All of this, we should note, is likely to be managed best at the facility level rather than at the virtual network level.  NaaS is a wonderful thing for operations, but less so as the target of remediation.  Real faults can’t be corrected in the virtual world; the best you could do is to rebuild the virtual structure to accommodate real conditions.  That could create the classic fault avalanche, and it would be easier and less process-intensive in any event to remediate what can really be fixed—there’s less of it and the actions are more likely to be decisive.

There’s an impact on testing here, too.  The industry has been struggling with the question of whether you should do “connection network” testing in even IP networks, where finding a traffic flow means examining routing tables to see where it’s supposed to go.  In NaaS-modeled networks, we have a clean separation of connectivity and the associated underlayment, but even that underlayment may be based on IP and adaptive behavior.

One possibility for testing is the “deep dive” model; you go to the bottom layer that’s essential for everything else and test the facilities there.  This is difficult to separate from monitoring, though.  Another possibility is to maintain connection-level testing, but that’s going to be much more difficult unless you have a standard mechanism for setting up an overlay network.  Today in SD-WAN, for example, we have dozens of different overlay encapsulation approaches; can we expect test vendors to adapt to them all?

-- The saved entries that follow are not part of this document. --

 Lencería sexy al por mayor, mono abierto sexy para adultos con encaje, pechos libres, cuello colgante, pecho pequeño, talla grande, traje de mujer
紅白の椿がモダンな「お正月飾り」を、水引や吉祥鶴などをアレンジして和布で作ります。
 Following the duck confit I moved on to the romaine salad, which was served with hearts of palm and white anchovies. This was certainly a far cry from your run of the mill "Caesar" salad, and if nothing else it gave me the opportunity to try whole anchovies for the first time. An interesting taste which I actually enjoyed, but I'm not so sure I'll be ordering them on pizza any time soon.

The best approach is probably to provide what could be called a “testing API”, which probably doesn’t need to be anything more complicated than a way to establish a specific pathway then examine how traffic flows through it.  Since this pathway would look like a standard connection to the NaaS layer, you’d be able to get it in a standardized way even if the underlying encapsulation of the overlay network differed from vendor to vendor.

There’s still our reality of fixing virtual problems in the real world to contend with.  Do we really want to do “testing” anywhere except at the connection edge of a NaaS or at the physical facilities level?  What do we expect to learn there?  That’s something testing vendors will need to think about, particularly as we expand our goals for automation of service lifecycle management.  There’s little point to that if we then expect networking personnel to dive into bitstreams.

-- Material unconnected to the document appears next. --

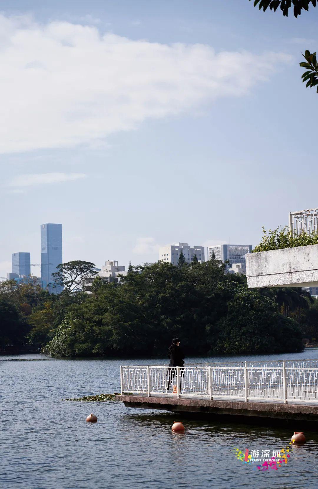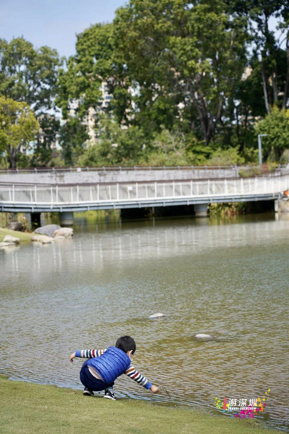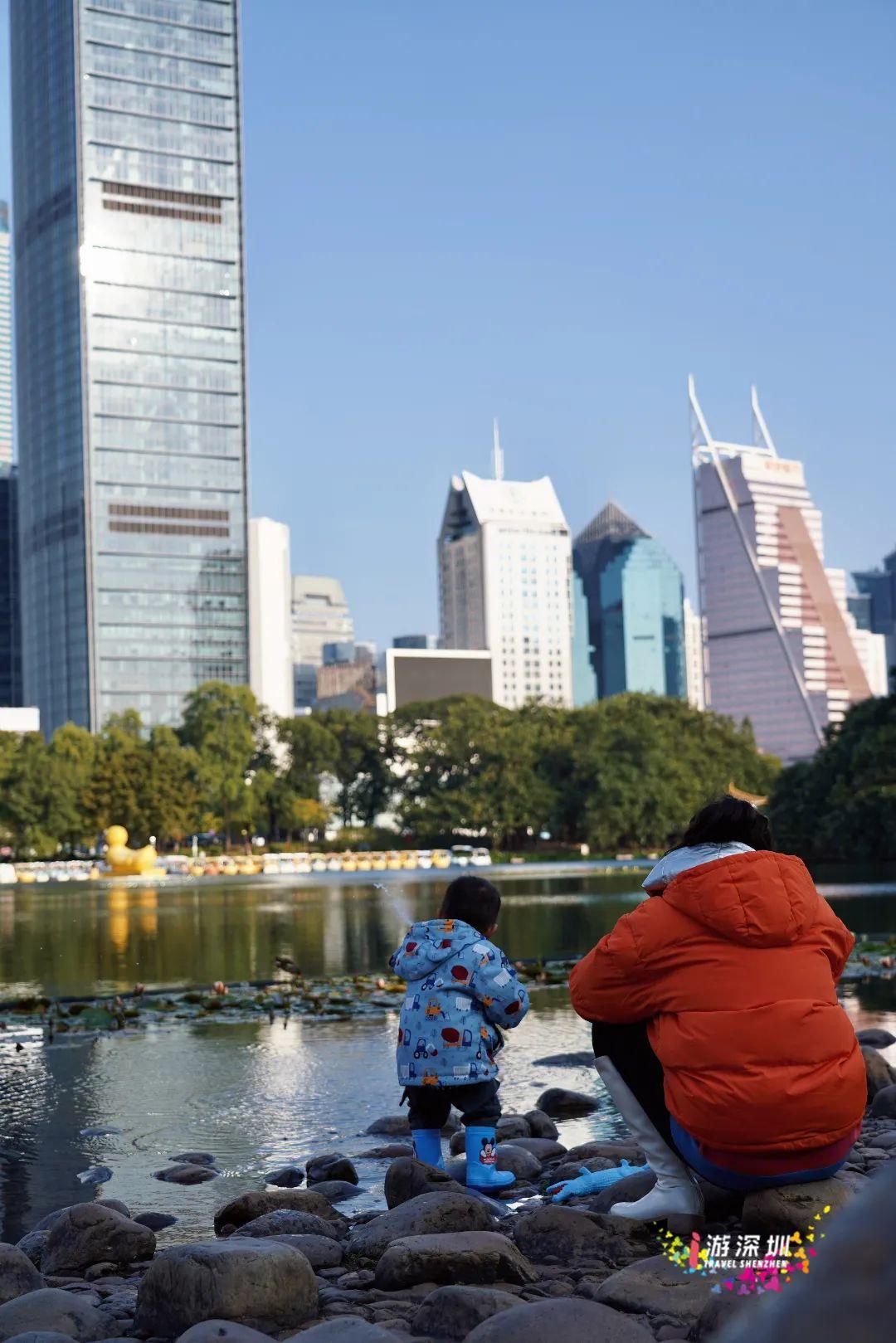 走过揽月桥,就来到一片开阔的石滩,孩子们可以撒开脚丫子玩。对面是深圳地标性建筑京基100和地王大厦。往湖边随意一站,哪个角度都是大片。
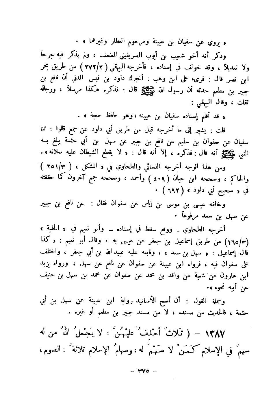 1387 - " ثلاث أحلف عليهن: لا يجعل الله من له سهم في الإسلام كمن لا سهم له، وسهام

Again, simulation and AI can help.  We need to think more in terms of what abnormal conditions would look like and how they should be remediated, and less in terms of geeks with data line analyzers digging into protocols.  The rational goals for network automation, like the implementations of network modeling, should focus on intent-modeled elements that self-remedy within their scope.  If we set that goal, then AI and simulation are going to prove to be very powerful tools for us in the coming years.